**** Provided entries ****

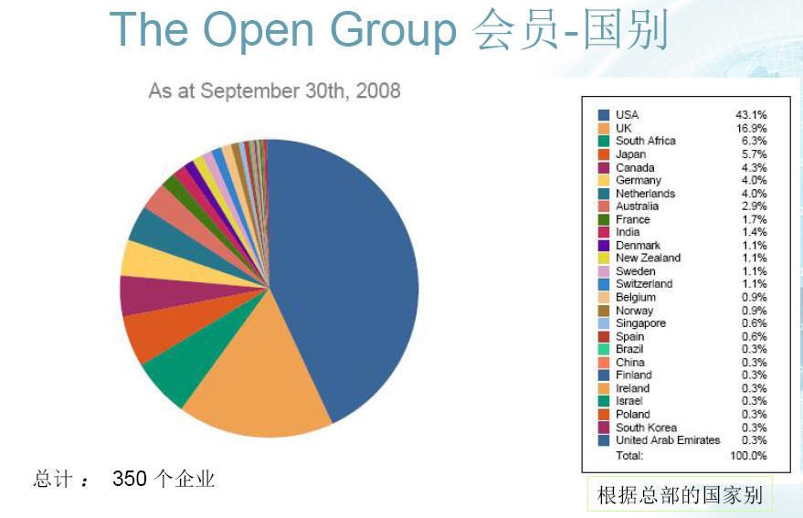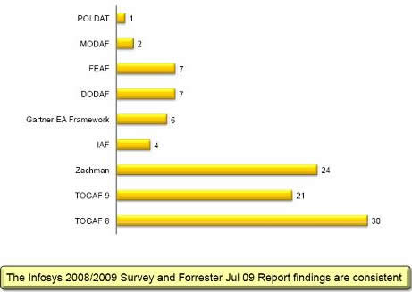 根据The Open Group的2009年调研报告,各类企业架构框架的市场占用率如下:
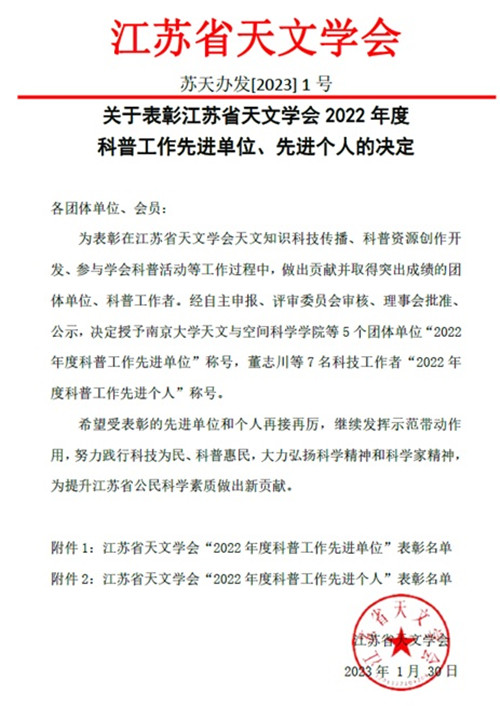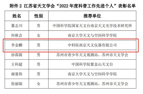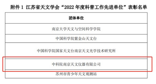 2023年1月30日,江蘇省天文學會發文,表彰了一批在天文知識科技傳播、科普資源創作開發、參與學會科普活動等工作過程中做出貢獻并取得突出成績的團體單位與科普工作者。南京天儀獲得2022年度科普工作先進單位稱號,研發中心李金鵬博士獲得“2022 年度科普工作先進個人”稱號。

****
**** Provided entries ****

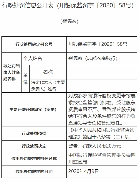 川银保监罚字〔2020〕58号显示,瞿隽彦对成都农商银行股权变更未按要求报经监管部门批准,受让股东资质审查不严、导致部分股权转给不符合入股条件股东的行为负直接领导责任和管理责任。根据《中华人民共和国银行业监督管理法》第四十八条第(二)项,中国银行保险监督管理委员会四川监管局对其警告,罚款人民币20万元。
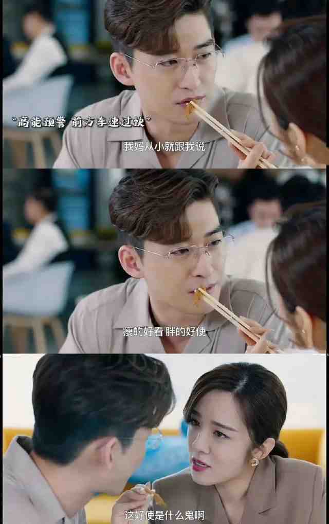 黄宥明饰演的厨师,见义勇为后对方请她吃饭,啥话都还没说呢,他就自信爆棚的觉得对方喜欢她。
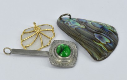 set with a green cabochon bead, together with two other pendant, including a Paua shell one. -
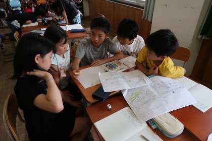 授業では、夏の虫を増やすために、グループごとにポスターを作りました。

****

What is being asked: For this task, return exactly the stretch of the listing above from the line with "川银保监罚字〔2020〕58" through the line with "授業では、夏の虫を増やすために、グループごとにポスターを作りました。", inclusive and without pictures.

Response:
 川银保监罚字〔2020〕58号显示,瞿隽彦对成都农商银行股权变更未按要求报经监管部门批准,受让股东资质审查不严、导致部分股权转给不符合入股条件股东的行为负直接领导责任和管理责任。根据《中华人民共和国银行业监督管理法》第四十八条第(二)项,中国银行保险监督管理委员会四川监管局对其警告,罚款人民币20万元。
 黄宥明饰演的厨师,见义勇为后对方请她吃饭,啥话都还没说呢,他就自信爆棚的觉得对方喜欢她。
 set with a green cabochon bead, together with two other pendant, including a Paua shell one. -
 授業では、夏の虫を増やすために、グループごとにポスターを作りました。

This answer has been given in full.